The butter shelf is empty. And no one knows when butter will be back.
The rich yellow stuff has all but vanished from grocery stores across the world’s second-biggest economy. Some stores have tried to ration the few bricks that occasionally arrive by limiting customers to a pack or two, but in most places, merchants post signs apologizing for having none.
Even bakeries that buy in bulk are finding it hard to get enough, which crimps their ability to turn out the croissants, cakes and quiches that have shouldered their way into the Japanese diet.
“We’re in trouble,” said Seiko Nakano, 27, who runs Levain, a small but well-known French bakery in a residential neighborhood of Tokyo. She has been told she will not receive any new butter supplies until Tuesday, a month later than expected.
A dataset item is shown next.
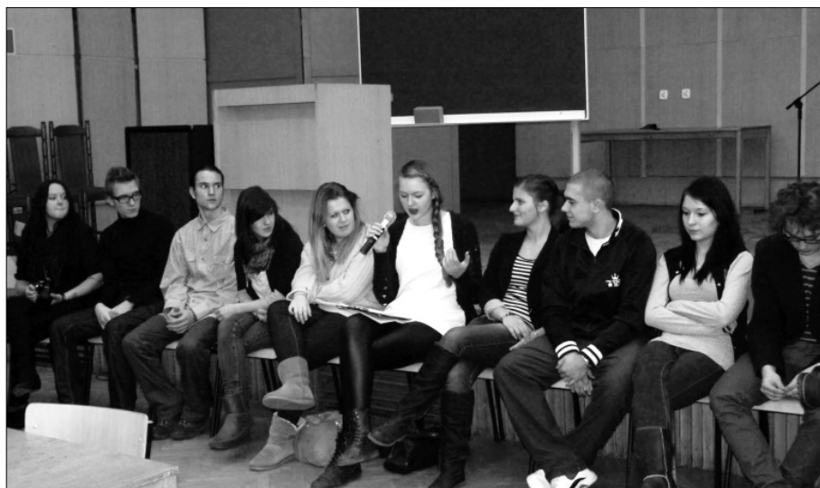
Fot. 1. Dyskusja młodzieży podczas panelu „Młodzież a wartości”

We wszystkich dyskutowanych tezach ujawniały się krytyczne oceny współczesnej edukacji, a zarazem troska o jej przyszłość. Rozmówcy pytali, czy polska oświata nadąza za obecnym tempem życia, transformującymi się paradygmatami zachowań i oczekiwań, które często są wymuszane coraz szybciej zachodzącymi zmianami pokoleniowymi, kulturowymi i cywilizacyjnymi. W dyskusji pojawiły się bardzo wyraźne postulaty przywrócenia należytego miejsca filozofii w ramach programu szkół ponadgimnazjalnych, co wynikało z aksjologicznej oceny edukacji. Młodzież domagała się podjęcia w ramach kształcenia ważkich treści dotyczących szeroko rozumianej religiofilozofii oraz refleksji aksjologicznej. Dostrzeżona została potrzeba nowego spojrzenia na nauczanie owych przedmiotów z perspektywy społecznej i obywatelskiej. Młodzież podkreślała także wartość płynącą z podejmowania inicjatyw edukacyjnych ukierunkowanych na takie dyscypliny, jak: psychologia, socjologia, pedagogika oraz filozofia z jej warstwą aksjologiczną, estetyczną, etyczną i poznawczą.

At a time of global food shortages and ballooning prices, Japan’s pastry problems qualify as barely more than an inconvenience. No one expects the famously controlled Japanese to riot in the refrigerated sections of supermarkets.
But the case of the disappearing butter has delivered a psychological blow to shoppers unaccustomed to shortages.
The butter shortage arises from a convergence of market factors that has chased hundreds of domestic dairy farmers out of business in the past two years. The sequence began when Japanese consumers began to drink less milk, a decline that coincided with a deluge of media coverage airing claims that milk is bad for your health.
Experts say consumption also has been affected by a low birthrate, which means fewer elementary school students getting served a free daily carton.
But while declining as a beverage, demand for milk to be used in the production of cheese is expected to jump by 15 percent this year, while demand for the less profitable butter holds steady. The result, the Japanese dairy association explains, is that there is not enough milk left to make much butter.
Last week, the Japanese government stepped in to urge the country’s four largest dairy-product companies to churn out more butter. And the agriculture board is moving up its scheduled purchases of imported butter from Australia and elsewhere by six months.